The state of the local availability replica in availability group ’AG1’ has changed from ‘RESOLVING_NORMAL' to 'NOT_AVAILABLE'.  The state changed because either the associated availability group has been deleted, or the local availability replica has been removed from another SQL Server instance.  For more information, see the SQL Server error log, Windows Server Failover Clustering (WSFC) management console, or WSFC log.
Error: 19435, Severity: 16, State: 1.
Always On: WSFC AG integrity check failed for AG ’SQL-A’ with error 41044, severity 16, state 1.

Clearly something is up, the AG tried to come online but couldn’t.

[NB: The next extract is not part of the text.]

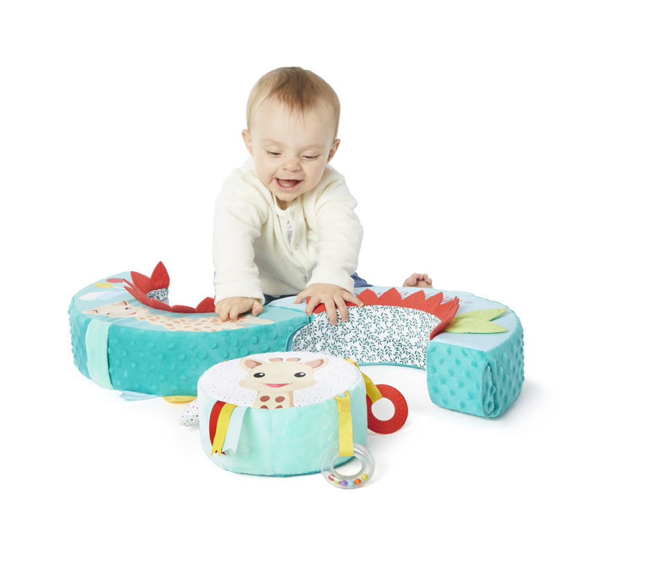 1. Облачето на Софи Жирафчето е направено от 100% пяна и стимулира двигателните умения и сензорното развитие на бебето.

The error here say check out the Windows Server Failover Clustering log…so let’s go ahead and do that. But that’s not as straightforward as you think. WSFC does write to the event log, but the errors are pretty generic for this issue. Here’s what you’ll see in the System Event Log and the Cluster Events section in the Failover Cluster Manager

Cluster resource ’AG1’ of type ‘SQL Server Availability Group’ in clustered role 'AG1' failed.

Wow, that’s informative, right? Luckily we still have more information to look into.

Let’s dig deeper with using the WSFC cluster logs

The cluster logs need to be queried, they’re not readily available as text for us. We can write them out to file with this PowerShell cmdlet Get-ClusterLogs. Let’s make a directory and dump the logs into there.

mkdir C:\temp
Get-ClusterLogs -Destination C:\temp 

Now we have some data to look through!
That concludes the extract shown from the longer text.